Implementation of Artificial Neural Network for XOR Logic Gate with 2-bit Binary Input

Each connection (similar to a synapse) between artificial neurons can transmit a signal from one to the other. The artificial neuron receiving the signal can process it and then signal to the artificial neurons attached to it. Now that we have defined everything we need, we’ll create a training function. As an input, we will pass model, criterion, optimizer, X, y and a number of iterations. Then, we will create a list where we will store the loss for each epoch. We will create a for loop that will iterate for each epoch in the range of iteration.

The XOR function

He is a Quality Analyst by profession and have 15 years of experience. SGD works well for shallow networks and for our XOR example we can use sgd. The selection of suitable optimization strategy is a matter of experience, personal liking and comparison.

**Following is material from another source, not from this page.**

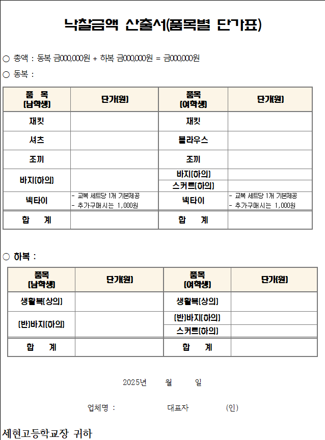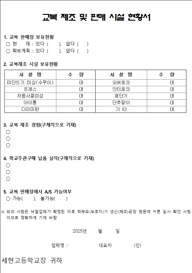 |   |   |   |   |   |   |   |     주) 입찰공고일 기준 최근 3년 간 실적을 최근 연도순으로 기재      ★ 학교주관구매 교복 납품 실적만 해당되며, 계약하고 수행 중인 건은 인정하지 아니합니다.      ★ 실적증명서를 반드시 첨부하여야 하며, 완성된 실적만 인정합니다.    3. 교복 납품 실행 계획(별지로 첨부할 것)    4. 교복 납품에 있어 업체의 특,장점을 상세히 기술(별지로 첨부할 것)      5. A/S 계획(붙임 4-1 서식 작성)    6. 제품 하자에 대한 교환 등 하자 보상 및 소비자 불만 사항 처리 방안(붙임 4-2 서식 작성)    2025.   .     .    제안자   성  명           (서명 또는 날인)    세현고등학교장 귀하  【붙임 4-1】교복 A/S 계획서    교복 A/S 계획서    1. A/S 편의성    가. 거리 접근성:   (주소지 기재)    나. 신속성:        (A/S 완료까지 소요되는 기간 기재)        2. 출장 A/S 가능여부(가능한 경우 출장 A/S 최소 학생 수 기재)        3. A/S 내용    가. 시설 현황, A/S 관련 시설 및 수량 기재(재단기, 오버로크 등)    나. A/S 세부내용 바느질, 단추, 지퍼 등 세부적 사항 기재    다. 무상 A/S 가능 항목(무상 A/S 기간 등 수선 항목 기재)      이상의 기재 내용은 사실과 같으며 다를 경우  어떠한 불이익도 감수할 것을 확약합니다.      2025년    월    일    제안자  성  명      (서명 또는 날인)        세현고등학교장 귀하          【붙임 4-2】하자 보상(교환) 및 소비자 불만 해결 방안    하자 보상(교환) 및 소비자 불만 해결 방안      업체(상호)명: ______________                      사업자등록번호: ______________  업체 대표자: ______________        본 업체가 세현고등학교 교복 계약 대상자로 선정될 경우, 본 업체에서 제작하여 출시한 세현고등학교 교복에 대한 소비자 불만 사항에 대하여 다음과 같이 성실히 조치할 것을 약속합니다.  ※ 제품 하자에 대한 교환 등 소비자 불만 사항에 대한 처리 방안을 구체적으로 제시

Elements from Deep Learning Pills #1

Though, the idea of increasing the learning rate for the scaling factor is worth overcoming the vanishing gradient problem in higher dimensional input. However, an optimized value of the learning rate is not suggested in the previous πt-neuron model. Also, it is difficult to adjust the appropriate learning rate or range of initialization of scaling factors for variable input dimensions. Therefore, a generalized solution is still required to solve these issues of the previous model. In this paper, we have suggested a generalized model for solving the XOR and higher-order parity problems by enhancing the pt-neuron model. The products of the input layer values and their respective weights are parsed as input to the non-bias units in the hidden layer.

1.1. Generate Fake Data¶

Selection of a loss and cost functions depends on the kind of output we are targeting. In Keras we have binary cross entropy cost funtion for binary classification and categorical cross entropy function for multi class classification. In our X-OR problem, output is either 0 or 1 for each input sample. We will use binary cross entropy along with sigmoid activation function at output layer.[Ref image 6]. Backpropagation is a supervised learning algorithm used to train neural networks.

Activation Functions!

Though, PU has shown the capability for N-bit parity problems. However, it has issues in training with the standard backpropagation (BP) algorithm especially for higher-order inputs (more than three-dimensional input) [20]. According to Leerink et al., it is because of nonglobal minima trapping in the case of higher dimensional inputs [20]. Later, in 2004, Iyoda et al. proposed a single neuron based on a multiplicative neuron model, aka πt-neuron model, to solve the XOR and parity bit problems [16, 17]. They have modified the previous multiplicative π-neuron model to find a suitable tessellation decision surface. Therefore, the possibilities of nonconvergence/nonglobal minima problems occur in the previous πt-neuron model.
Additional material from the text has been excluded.